Bagikan:

JAKARTA – Pemerintah melalui Kementerian Keuangan (Kemenkeu) telah melaporkan bahwa kinerja Anggaran Pendapatan dan Belanja Negara (APBN) pada sepanjang 2022 masih berada dalam jalur yang positif.

Catatan terakhir menyebutkan bahwa hingga September kondisi keuangan negara masih membukukan surplus Rp60,9 triliun.

Sebelumnya, instrumen fiskal berturut-turut meraup surplus di Januari sebesar Rp28,9 triliun, Februari surplus Rp19,7 triliun, Maret surplus Rp10,3 triliun, April surplus Rp103,1 triliun.

Kemudian, Mei surplus sebesar Rp132,2 triliun, Juni surplus Rp73,6 triliun, Juli surplus sebesar Rp106,1 triliun, dan Augustus surplus Rp107,4 triliun.

Menteri Keuangan (Menkeu) Sri Mulyani menyatakan bahwa torehan impresif itu setidaknya disebabkan oleh dua hal. Pertama, efek peningkatan harga komoditas ekspor RI sehingga pemerintah mendapat keuntungan (windfall) dari sesi penerimaan negara.

“Kedua, hasil positif ini juga didukung oleh pemulihan ekonomi nasional yang kini terus melanjutkan penguatan,” ujarnya dalam konferensi pers APBN Kita beberapa waktu lalu.

Pernyataan bendahara negara itu bukan tanpa alasan. Pasalnya, laju pertumbuhan ekonomi Indonesia konsisten berada di level tinggi dalam tiga kuartal secara beruntun. Alhasil, target pertumbuhan di atas 5 persen pada penutupan tahun diharapkan bisa tercapai.

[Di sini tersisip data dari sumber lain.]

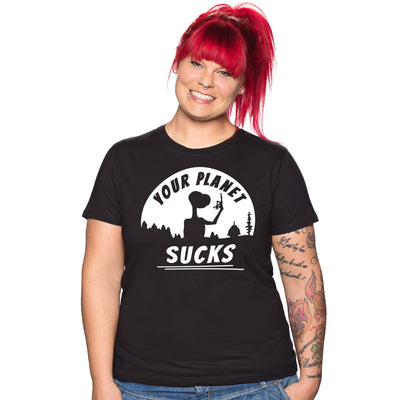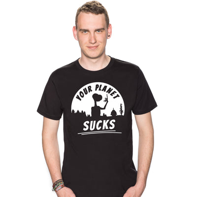 Si tu t'es toujours demandé ce qu'un extraterrestre penserait de la Terre s'il atterrissait ici par accident – le T-shirt Your planet sucks donne la réponse.

Lebih lanjut, kinerja moncer APBN yang terus membukukan surplus rupanya juga ditopang oleh belum dibayarkannya kewajiban subsidi dan kompensasi kepada dua BUMN utama, yaitu Pertamina dan PLN.

Hal ini diakui langsung oleh Menkeu. Menurut dia, proses administrasi dan kelengkapan data baru selesai pada Oktober lalu.

“Pemerintah akan melakukan pembayaran kompensasi sekitar Rp163 triliun, dengan rincian Rp132,1 triliun untuk Pertamina dan Rp31,2 triliun untuk PLN. Ini kita usahakan untuk bisa cair pada Oktober karena seluruh persyaratan sudah mendapat review (persetujuan) dari BPK dan juga berkoordinasi dengan tiga menteri terkait serta dua menteri yang lain,” tuturnya.

Sehingga, dengan dipenuhinya kewajiban pemerintah tersebut maka kemungkinan APBN bakal kembali pada ‘kondisi normal’ defisit sejalan dengan ketetapan Perpres 98/2022 yang meyakini anggaran akan minus Rp840,2 triliun.